Community, Diversity, Sustainability and other Overused Words

Final Death Toll in Lahaina, Maui Fires May Exceed 1500. Do the Math Yourself.

The New York Times says that only 3% of the destroyed town has been searched. 89 bodies have been found. If you do the math, you get 2900

No one in an official capacity will admit it, and it's too horrible to contemplate. But it's also a question of simple mathematics. Only 89 people have been confirmed dead in the August 9th fire that destroyed Maui's old town of Lahaina. But up to 1500 people are reported to be missing.

The New York Times posted Saturday that only 3% of the wreckage had been searched. 89 bodies have been found. 89 times 33 equals 2937.

Disturbingly, cell phones failed minutes before the disastrous wildfire entered the city limits. The town's tsunami alarm system also failed, as the power failed when the fire approached the town. In many ways it was the worst sequence of events imaginable. No electricity meant no way to warn people. Many survivors indeed report that they received no warning. No sirens or text messages came.

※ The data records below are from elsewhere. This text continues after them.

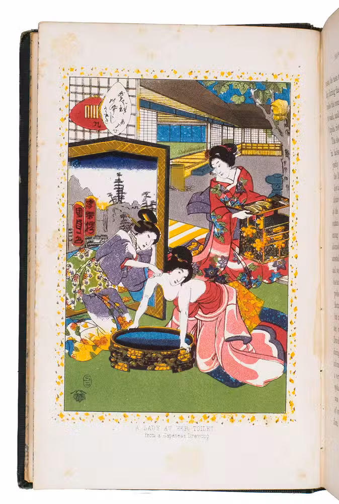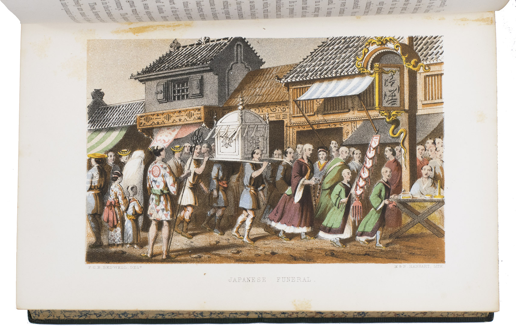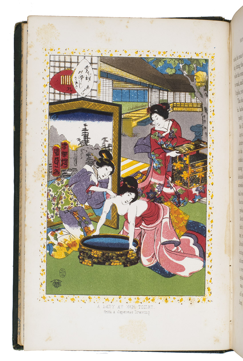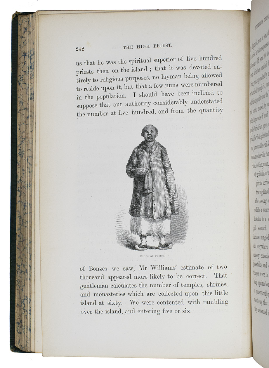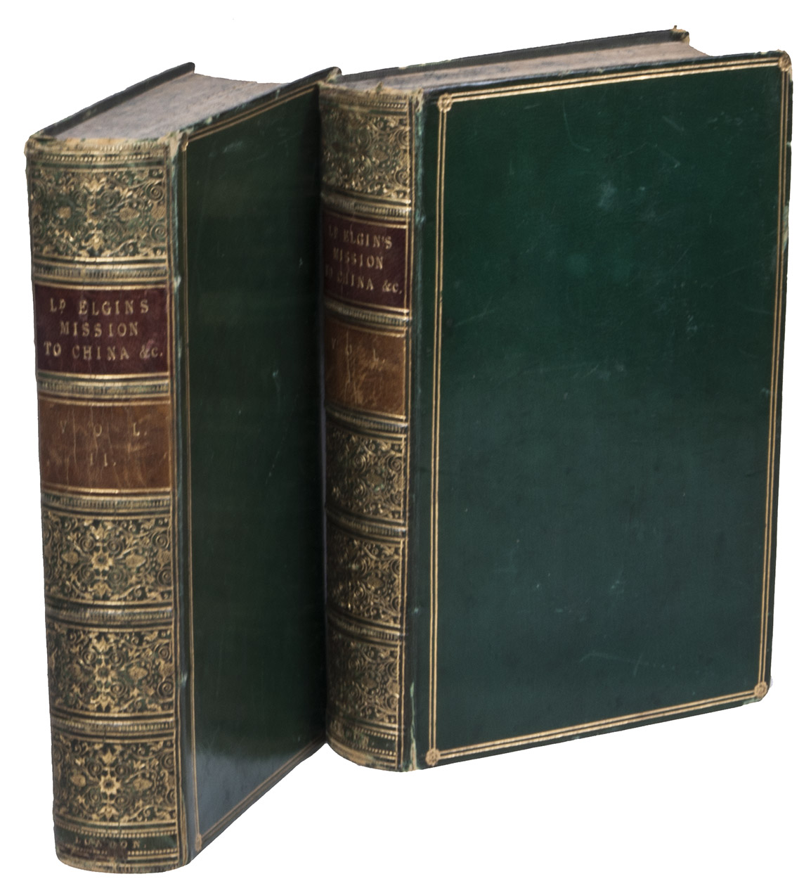 With an owner's stamp "Joseph O. Buch" at the back of the first flyleaf in both volumes. Minor foxing in the plates and a tear in the frontispiece of vol. 1 repaired with tape. Binding chafed at the extremities, hinges with some cracks and tops of the spines damaged. Otherwise in good condition. A beautifully bound edition of a highly entertaining travelogue. Cordier, Sinica, col. 2376; Wang, Chopsticks, pp. 150-151.
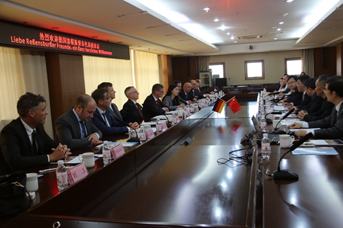5月16日下午,德国雷根斯堡市副市长迪特·达明格带领该市政府代表团一行15人来我校访问。校长王亚军在图书科技楼会议室会见了迪特·达明格一行,副校长张伟星以及国际交流与合作处、国际学院、建筑学院负责人等参加座谈。
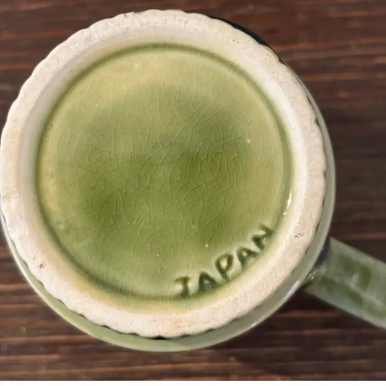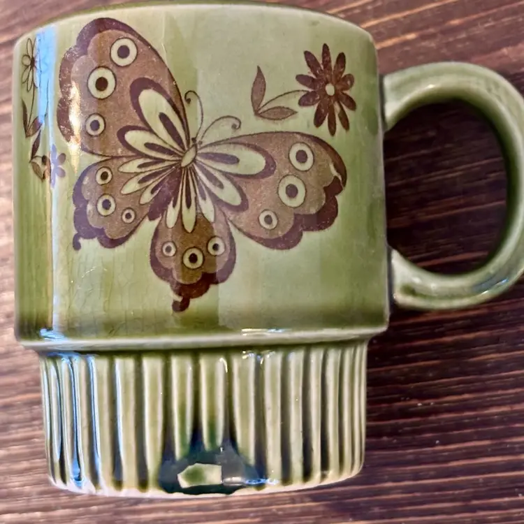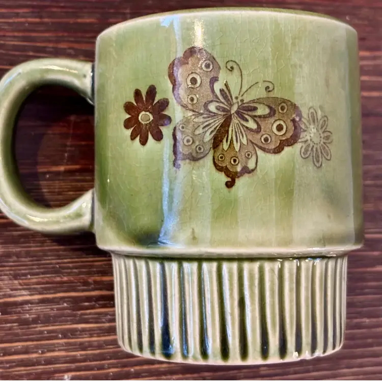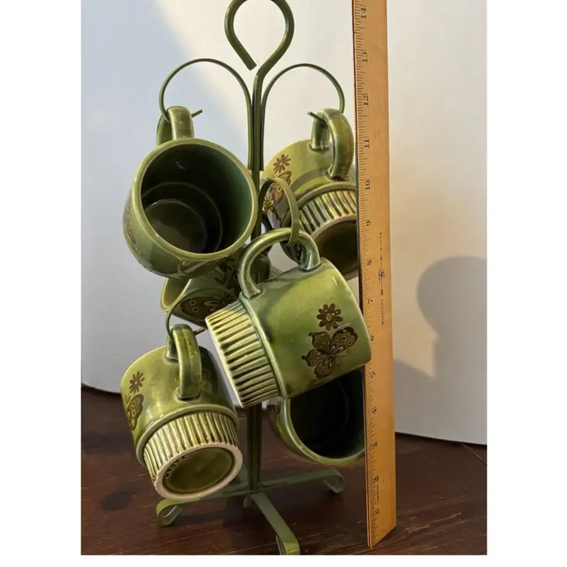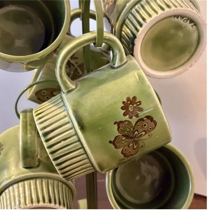 Vintage set of 6 MCM (Mid-Century Modern) green ceramic mugs with a brown butterfly and flower design and metal holder Japan on bottom of each cup Distinctive ribbed, stackable base From the 1960-70’s No chips or cracks that I can see or feel

2200 structures, 86% of the damaged or destroyed buildings were residential. FEMA estimates it will take $5.5 billion to rebuild, and reconstruction will take 5 years.

"Hawaii Wildfires Death Toll in Maui Inferno Reaches 89," says the New York Times.

"Gov. Josh Green of Hawaii said the number would likely increase as search efforts proceeded in Lahaina, the historic town devastated by flames. It is now the deadliest U.S. wildfire in more than 100 years."